Since its inception in 2010, Stronghold has based its core business around the influx of independent cafés in Korea that was taking place at the time. Along with Seoul’s proliferation of franchised convenience stores, fried chicken joints, and Korean BBQ spots, these cafés began to crop up after the latest financial crisis, run by retired (or fired) professionals of South Korea’s conglomerations and mid-sized businesses.
Such small businesses all have in common that they do not require much expertise or up-front investment, and thus the barrier of entry is low. But this leads to stiff competition, and the proverbial barrier of exit is equally low. Most cafés end up closing within the first year, and more than half of them close within five years, says John Lee, Stronghold’s international business development manager.
One of the upfront costs that aspiring café-owners do face is the procurement of coffee, which is why Stronghold has tried to make its roasters easy to use, even for first-time users, Lee explains. This results in what they term “distributed roasting.”
Considering the empty tables at Fred & Sally’s and similar small-scale coffee shops, do Woo and Lee consider it a problem that their reliance on small businesses may now come back to bite them?
“Certainly, it is a double-edged sword in that respect, but we look at it in a different way. Traditional cafés rely 100% on in-store visitors, and that was 100% of their revenue. But if you are roasting, another product that you can offer is roasted coffee that you can enjoy at home,” Lee says.
Indeed, during the pandemic, many stores are transitioning from selling coffee as a drink, to selling their own roasted beans, an observation which Stronghold bases on the information that it receives directly from its customers’ internet-connected roasters.
This move is not just borne out of necessity but plays into a larger trend that was already happening, explains Woo. Coffee tastes and ways of consumption are diversifying in South Korea, and the impact of the coronavirus is at most expediting that process. According to statistics aggregator Statista, the vast majority revenue from roast coffee comes from out of home purchases, but by volume, Koreans drink twice as much roast coffee at home.
“After corona, the role of the café will not just be a place to drink coffee. You may be able to drink coffee of course, but cafés will offer more delivery, and sell coffee beans and offer a more diverse range of coffee products,” says Woo.
Stronghold’s most recent project is to take distributed roasting to the next level.
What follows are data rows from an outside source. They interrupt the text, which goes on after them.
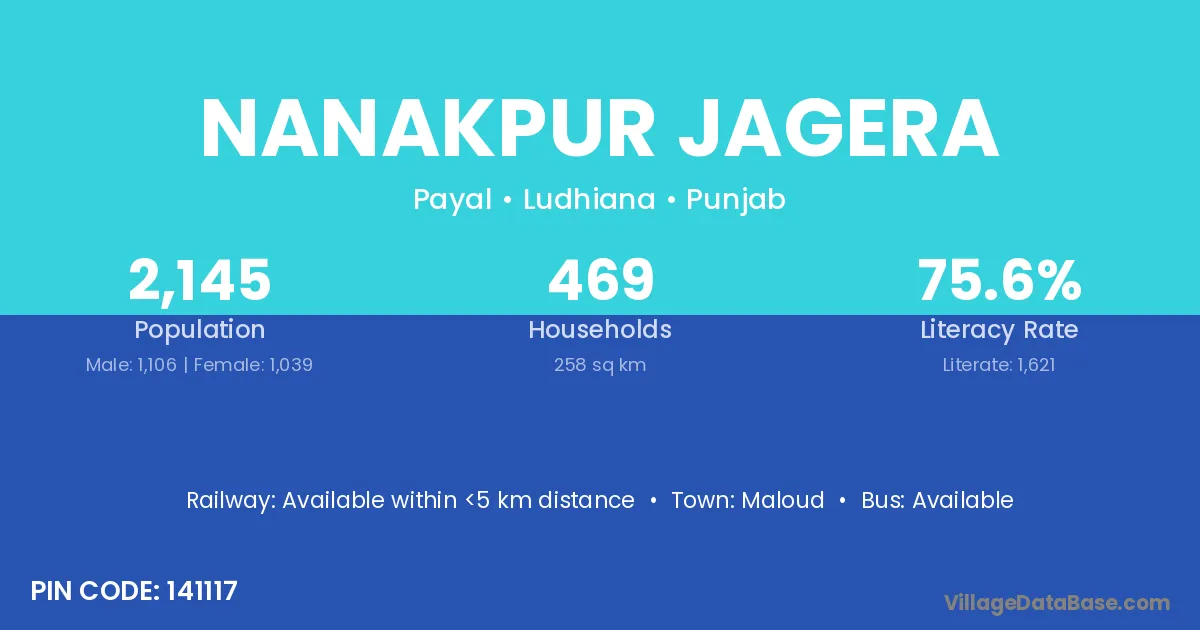 Nanakpur Jagera village has a total population of 2,145 people, of which 1,106 are males and 1,039 are females.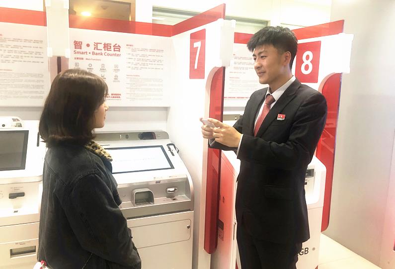 “厅堂经理对我们要求更高,客户享受的服务更好,职位名称改变的背后是银行大堂服务借助智能机器进行的科技升级。”杜鹏介绍,以前一进银行是大堂经理迎客,根据客户的业务需求引导至智能机器办理或转至柜台办理。如今银行里的智慧柜台越来越高科技,银行便让柜员走出柜台,和大堂经理一起升级为厅堂经理,普通业务帮助客户在大堂用机器办理,特殊业务再由有柜员资质的厅堂经理带领客户至柜台区办理,尽量1对1地处理客户业务需求,让服务更近更贴心,也实现了提质增效节能减员的企业发展需求。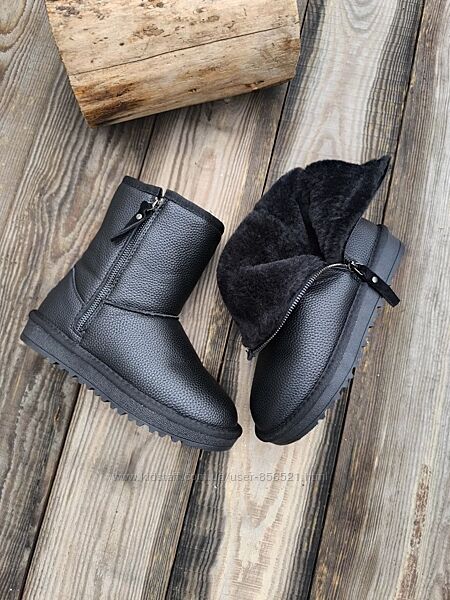 Угги высокие кожаные натуралочки ЧЕРНЫЕ со змейкой молнией с внешней стороны ноги сапожки теплые женские зимние с лейбл UGG на пяточкес черной лейбл арт U-129-11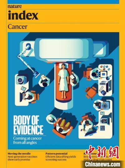 《自然》增刊 “2025自然指数-癌症” 封面。施普林格·自然 供图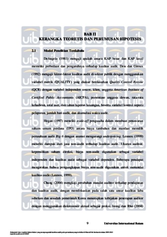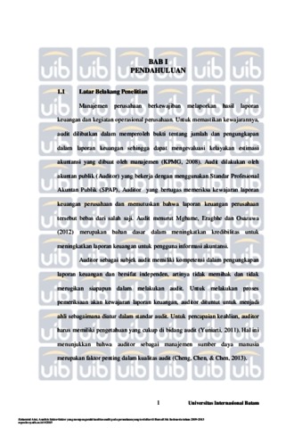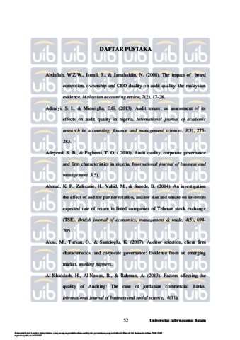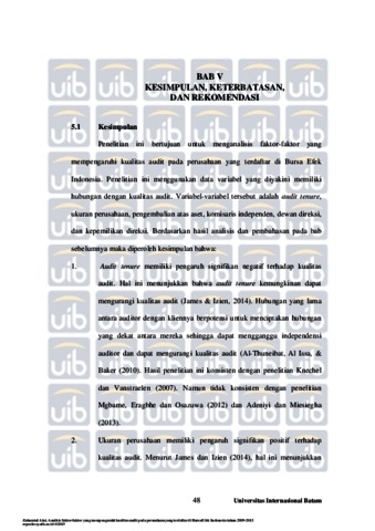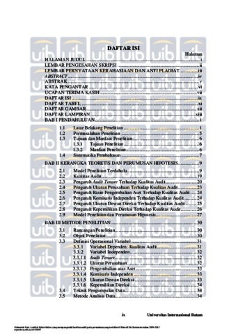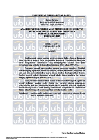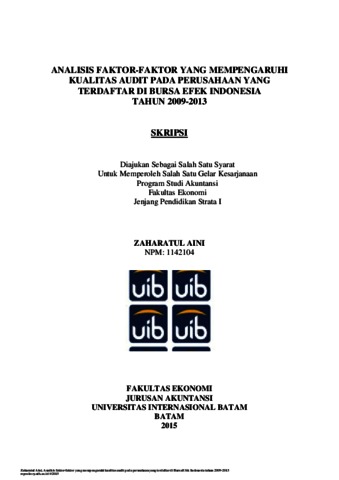 Aini, Zaharatul (2015) Analisis Faktor-Faktor yang Mempengaruhi Kualitas Audit pada Perusahaan yang Terdaftar di Bursa Efek Indonesia Tahun 2009-2013. Undergraduate thesis, Universitas Internasional Batam.
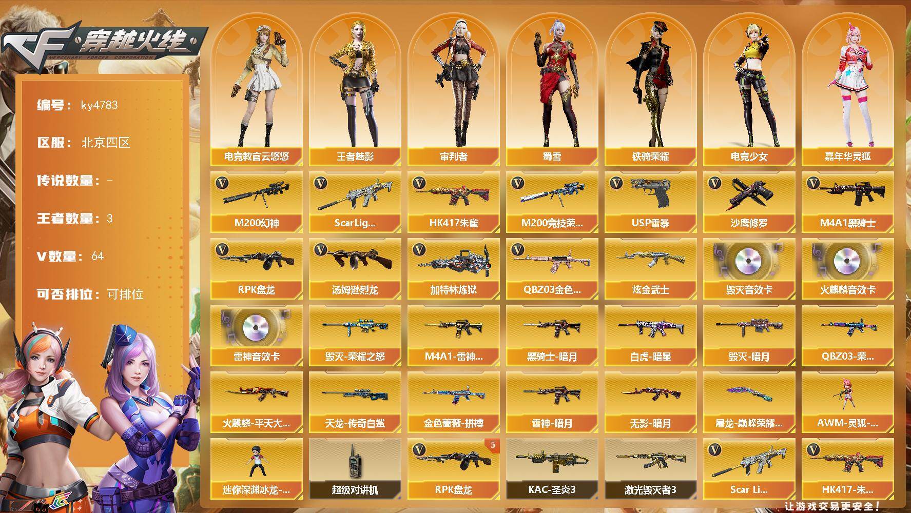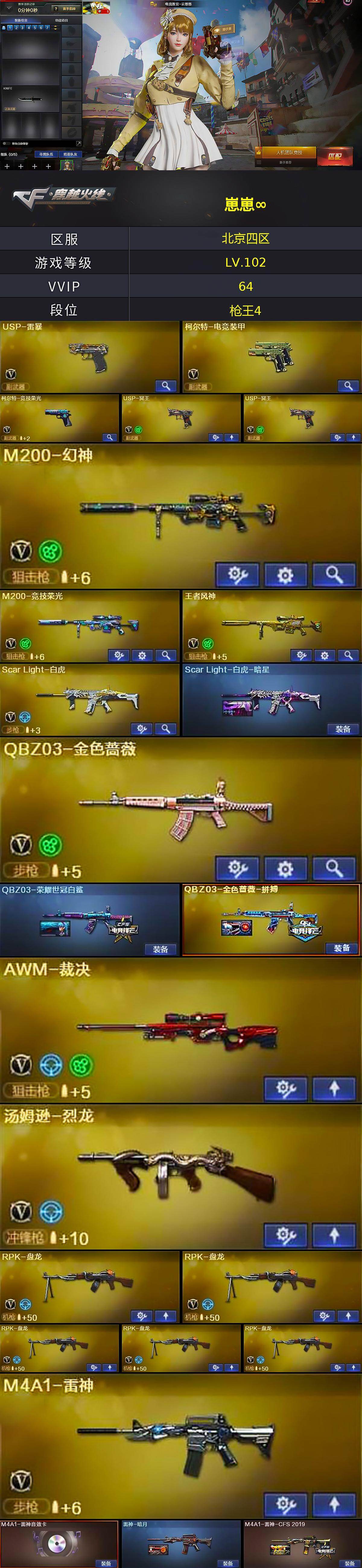 [15678611]北京四区-64V-3王者-1炫金 【热门武器】:QBZ03-金色蔷薇,Scar Light-白虎,HK417-朱雀,M200-幻神,M200-竞技荣光,M4A1-黑骑士*2,汤姆逊-烈龙,RPK-盘龙*5,加特林-炼狱*2,USP-雷暴,沙鹰-修罗*2 【王者炫金武器】:炫金武士 【音效卡】:AK47-火麒麟音效卡,M4A1-雷神音效卡,Barrett-毁灭音效卡 【皮肤】:Scar Light-白虎-暗星,QBZ03-荣耀世冠白鲨,QBZ03-金色蔷薇-拼搏,雷神-暗月,M4A1-雷神-CFS 2019,火麒麟-平天大圣,毁灭-暗月,毁灭-荣耀之怒,黑骑士-暗月,无影-暗月,AWM-天龙-传奇白鲨,屠龙-巅峰荣耀 皮肤 【角色】:电竞教官-云悠悠,审判者,王者-魅影,电竞少女,嘉年华灵狐,斯沃特-X,蜀雪,铁骑荣耀,影武者-X 【人偶武器】:AWM-灵狐-15周年嘉年华,迷你深渊冰龙-王绿豆 【暴走生化】:超级对讲机 【挑战大师】:激光毁灭者III,KAC-圣炎切割者III 【英雄级武器】:AK47-火麒麟*2,M4A1-雷神,M4A1-黑骑士*2,AK47-无影,M4A1-死神,M4A1-武圣,HK417-朱雀,Scar Light-白虎,无影-神兵利器,M4A1-玫瑰精灵,QBZ03-金色蔷薇,王者之心-觉醒版,王者之势-觉醒版,AWM-天龙*2,Barrett-毁灭*2,AWM-裁决,M200-幻神,M200-竞技荣光,王者风神-觉醒版,RPK-盘龙*5,加特林-炼狱*2,汤姆逊-烈龙,沙鹰-修罗*2,沙鹰-天神*2,USP-雷暴,柯尔特-电竞装甲,柯尔特-竞技荣光,USP-冥王*2,屠龙*3,龙啸,擎天,麒麟刺,擎天-竞技荣光,斩神刀-雷暴,丛林匕首-玄豹,高爆手雷-雷暴,高爆手雷-竞技荣光*3,闪光弹-雷暴,闪光弹-竞技荣光*3,烟雾弹-雷暴,烟雾弹-竞技荣光*3 【道具】:BS战队炫彩背包,全能枪王背包,战舰背包,炫彩背包,哔哩哔哩名片,绿色巨人,灵魂忍者*2,迷雾幽灵,夺命之镰,防化服*3,金色流光-枪王排位*2,星辰流光-枪王排位,流光-再燃火线,枪王排位28赛季金色流光,枪王排位29赛季金色流光,防弹头盔*4,防弹衣*4,C4工具钳*4,手雷包*5 【特殊枪械】:1白虎,2黑骑士,1烈龙,5盘龙,2炼狱

The company is making roasting profiles from world-class roasters and barista champions available to their customers across the world, making it possible for even novice baristas to replicate the taste of a roast from anywhere in the world. With updates of the latest virus-related restriction directives setting phones around the country abuzz almost every hour, it is strangely comforting to hear John Lee use phrases like “with the world so connected nowadays” and “bridging the gap” as he explains the idea.
Back at Fred & Sally’s for a morning cup of coffee, Lee, the barista kindly asks that customers to leave their names and phone number on a sheet of paper next to the hand sanitizer. Between 8:30 and 9:10 AM this morning, four customers have done so. One of them is sitting at a commendable social distance in the opposite corner of the room, occupied with a video call. Even on a rainy monsoon-season morning like this one, the whole scene feels like a reminder of the important place that coffeeshops have in our daily routines, and that it will take more than a pandemic to change that.
The future may not be so bleak after all for South Korea’s small-scale cafés and roasters.